----- INPUT FOR THIS TASK -----

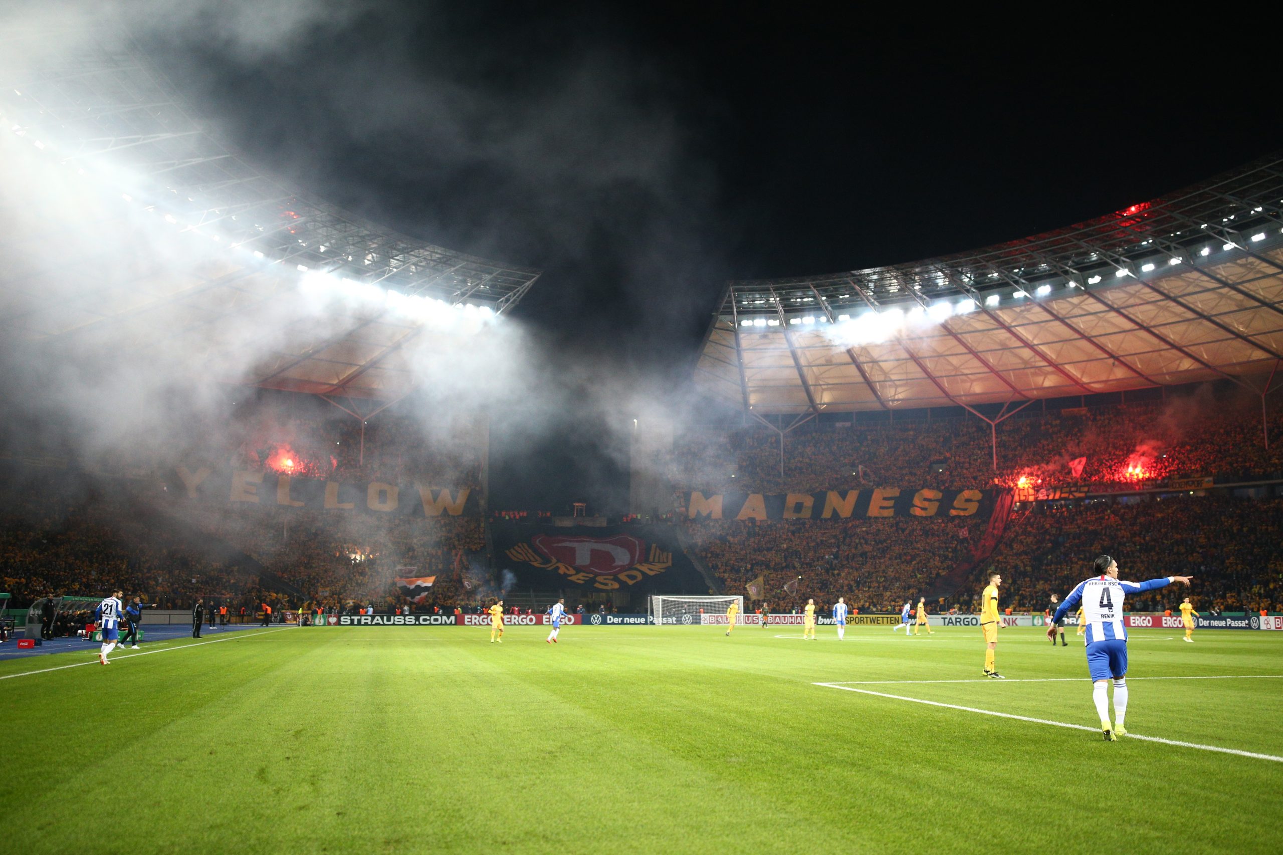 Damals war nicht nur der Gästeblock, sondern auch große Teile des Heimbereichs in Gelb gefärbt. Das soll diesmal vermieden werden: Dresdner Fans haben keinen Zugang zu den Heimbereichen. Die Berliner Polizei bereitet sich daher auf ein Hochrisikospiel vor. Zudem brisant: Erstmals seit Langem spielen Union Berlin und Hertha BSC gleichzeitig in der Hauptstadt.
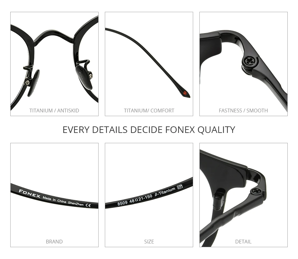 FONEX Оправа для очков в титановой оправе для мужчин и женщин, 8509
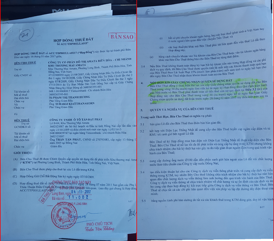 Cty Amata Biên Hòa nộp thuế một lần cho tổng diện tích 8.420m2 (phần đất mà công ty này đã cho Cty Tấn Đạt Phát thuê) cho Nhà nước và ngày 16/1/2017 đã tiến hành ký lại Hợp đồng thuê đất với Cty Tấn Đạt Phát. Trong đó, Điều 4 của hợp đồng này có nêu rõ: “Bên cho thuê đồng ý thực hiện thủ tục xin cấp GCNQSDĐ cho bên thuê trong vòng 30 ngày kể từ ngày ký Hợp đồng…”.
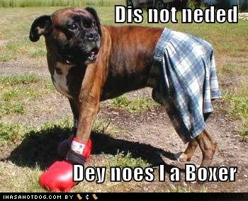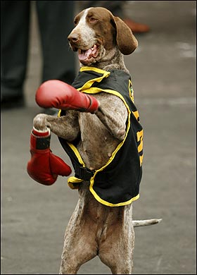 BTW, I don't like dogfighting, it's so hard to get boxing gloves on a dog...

-----
----- INPUT FOR THIS TASK -----

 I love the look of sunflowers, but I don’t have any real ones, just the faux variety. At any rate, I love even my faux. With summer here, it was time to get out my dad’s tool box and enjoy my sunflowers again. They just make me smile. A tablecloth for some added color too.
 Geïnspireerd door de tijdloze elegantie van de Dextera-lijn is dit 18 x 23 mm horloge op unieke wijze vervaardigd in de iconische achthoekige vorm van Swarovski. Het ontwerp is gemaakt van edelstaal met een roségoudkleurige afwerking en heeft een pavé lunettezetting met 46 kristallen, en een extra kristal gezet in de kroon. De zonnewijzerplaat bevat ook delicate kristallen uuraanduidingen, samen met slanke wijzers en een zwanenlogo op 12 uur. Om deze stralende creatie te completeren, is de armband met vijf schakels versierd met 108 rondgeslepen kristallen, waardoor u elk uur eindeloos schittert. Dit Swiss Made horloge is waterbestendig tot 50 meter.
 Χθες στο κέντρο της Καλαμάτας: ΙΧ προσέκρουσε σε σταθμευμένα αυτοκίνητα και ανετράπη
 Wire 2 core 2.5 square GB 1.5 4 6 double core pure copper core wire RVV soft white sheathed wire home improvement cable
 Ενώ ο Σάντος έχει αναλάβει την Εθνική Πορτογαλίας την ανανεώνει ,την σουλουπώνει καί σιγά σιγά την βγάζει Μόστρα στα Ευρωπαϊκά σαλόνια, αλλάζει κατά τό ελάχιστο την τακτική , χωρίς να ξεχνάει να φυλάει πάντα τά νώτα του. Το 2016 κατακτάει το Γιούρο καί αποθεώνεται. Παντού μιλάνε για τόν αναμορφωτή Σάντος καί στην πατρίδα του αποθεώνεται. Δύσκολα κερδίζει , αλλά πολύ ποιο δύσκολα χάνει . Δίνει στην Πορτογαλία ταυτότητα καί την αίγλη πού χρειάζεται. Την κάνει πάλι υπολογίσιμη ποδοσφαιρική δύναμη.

-----

• TASK INSTRUCTIONS: Would you write out exactly the lines above, starting at the line containing "FONEX Оправа для" and stopping after the line containing "BTW, I don't"? Omit the pictures.

• ANSWER SPACE:
 FONEX Оправа для очков в титановой оправе для мужчин и женщин, 8509
 Cty Amata Biên Hòa nộp thuế một lần cho tổng diện tích 8.420m2 (phần đất mà công ty này đã cho Cty Tấn Đạt Phát thuê) cho Nhà nước và ngày 16/1/2017 đã tiến hành ký lại Hợp đồng thuê đất với Cty Tấn Đạt Phát. Trong đó, Điều 4 của hợp đồng này có nêu rõ: “Bên cho thuê đồng ý thực hiện thủ tục xin cấp GCNQSDĐ cho bên thuê trong vòng 30 ngày kể từ ngày ký Hợp đồng…”.
 BTW, I don't like dogfighting, it's so hard to get boxing gloves on a dog...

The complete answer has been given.